Madelyn set her teeth and managed a smile. ‘One becomes used to it. And Father had numerous guests to stay.’ All male, of course, virtually all middle aged or elderly and equally obsessed with the Middle Ages. Probably society ladies in London would consider her eccentric, too, and would not care to be friends, but at least she would not be tied to these walls, however much she loved them. And one day there will be children, she told herself. She clung to that hope even as butterflies swarmed in her stomach at the thought of venturing into the world outside or to trusting herself to this stranger with the intelligent eyes and the lips that touched hers with the promise of intimacies that frightened her.

At last the groom led his horse into the courtyard and she had something safe to talk about. ‘What a lovely animal.’

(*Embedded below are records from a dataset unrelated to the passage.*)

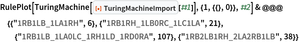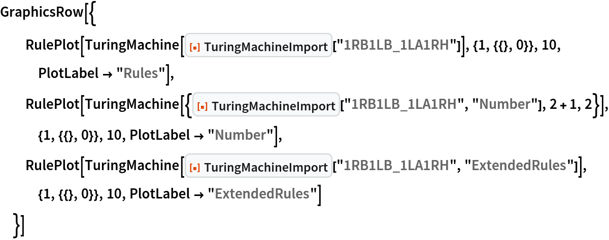 ResourceFunction["TuringMachineImport"][tm] return explicit Turing machine rules. | |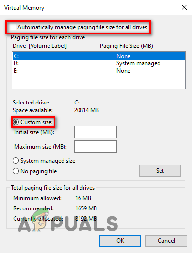 Opening Virtual Memory Settings - Remove the checkmark next to “Automatically manage paging file size for all drives“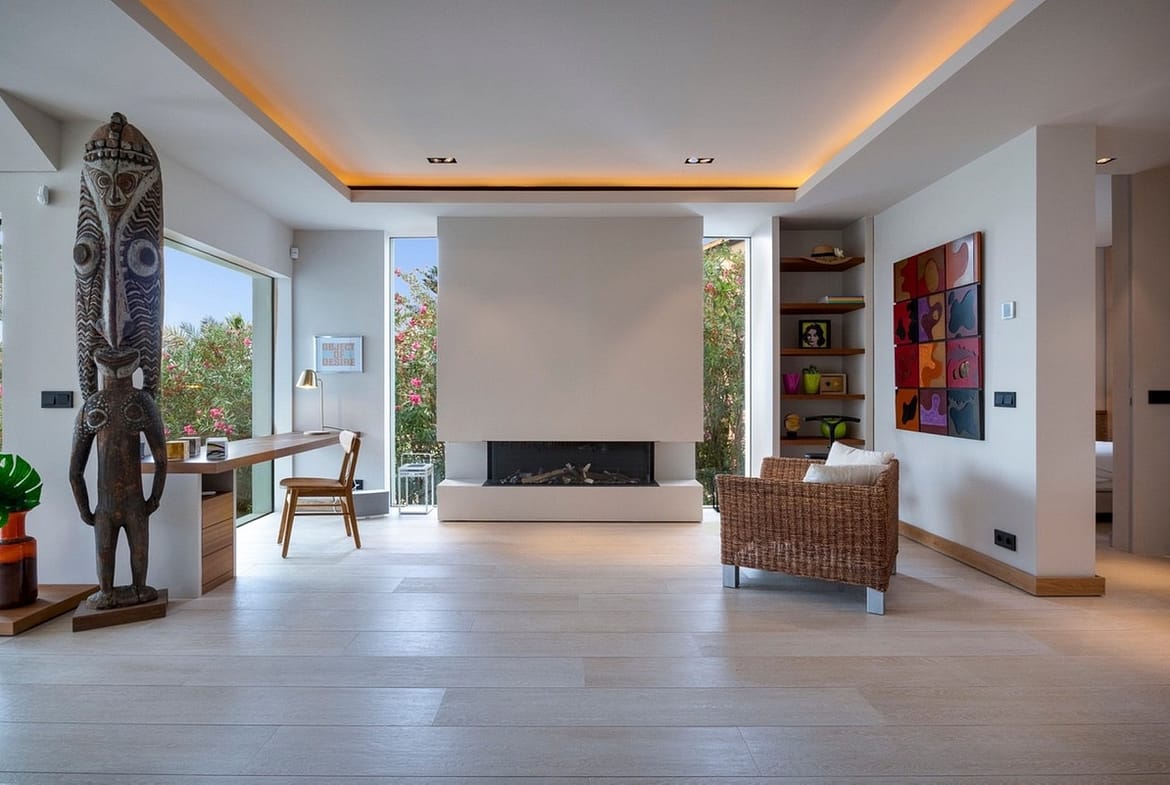 The villa’s interior is meticulously finished, featuring marble floors with Under Floor heating all over the house, a grand living room with a fireplace, and a separate dining room. The fully fitted kitchen is complemented by a utility room and a kitchenette, ideal for culinary enthusiasts. Entertainment is at the heart of this home, with a dedicated cinema room, games room, Dolby Stereo Surround system, and several terraces—both covered and uncovered—providing mountain, sea, garden, and pool views. Additional spaces include an office room and ample storage, ensuring practicality alongside luxury.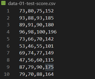 data-01-test-score.csv라는 파일을 읽어와서 학습시켜보는 코드입니다.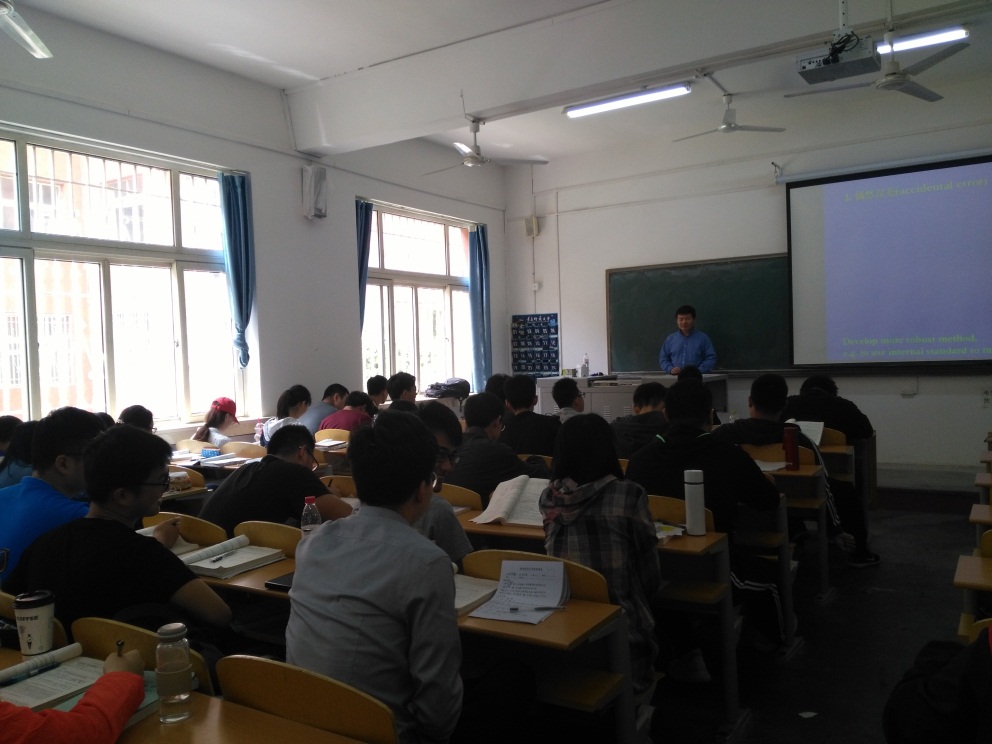 宝洁公司(P&G)美国总部分析科学部首席科学家Chu Zhu博士来到w66旗舰厅官网,为w66利来旗舰厅应用化学专业(中美)员工讲授分析化学(Analytical Chemistry)、仪器分析(Instrumental Chemistry)等课程。

‘Thank you. His name is Altair. He is Irish and has great stamina. Do you ride?’

‘Yes. I have a palfrey.’ He looked surprised by her choice of word. ‘She has an ambling gait, if you understand the term. They are rare nowadays, of course.’

‘I would be interested to see it. But does that mean you do not ride with a modern lady’s saddle?’

She nodded. ‘I suppose that is something else I must learn.’

‘Or you would attract a great deal of interest in Hyde Park. I believe the medieval side saddle involves sitting with your feet on a board?’

He surprised a laugh from her. ‘In the Middle Ages most women rode pillion or they rode as I do, astride.’

‘Not in Hyde Park you do not!’ The groom looked over and Jack dropped his voice. ‘Or anywhere else you might be seen. I will teach you to ride side saddle after we are married.’

‘Thank you.’ She suspected that would be far more limiting than she was used to and riding, along with her garden, was her great freedom, her escape. ‘But Catherine the Great of Russia rode astride, I believe.’

‘Catherine the Great did a number of things I would be alarmed to see my wife doing,’ he said. There was something in his voice that made her think that most of those things were thoroughly shocking and he had no intention of telling her about them. She would find a book and discover for herself.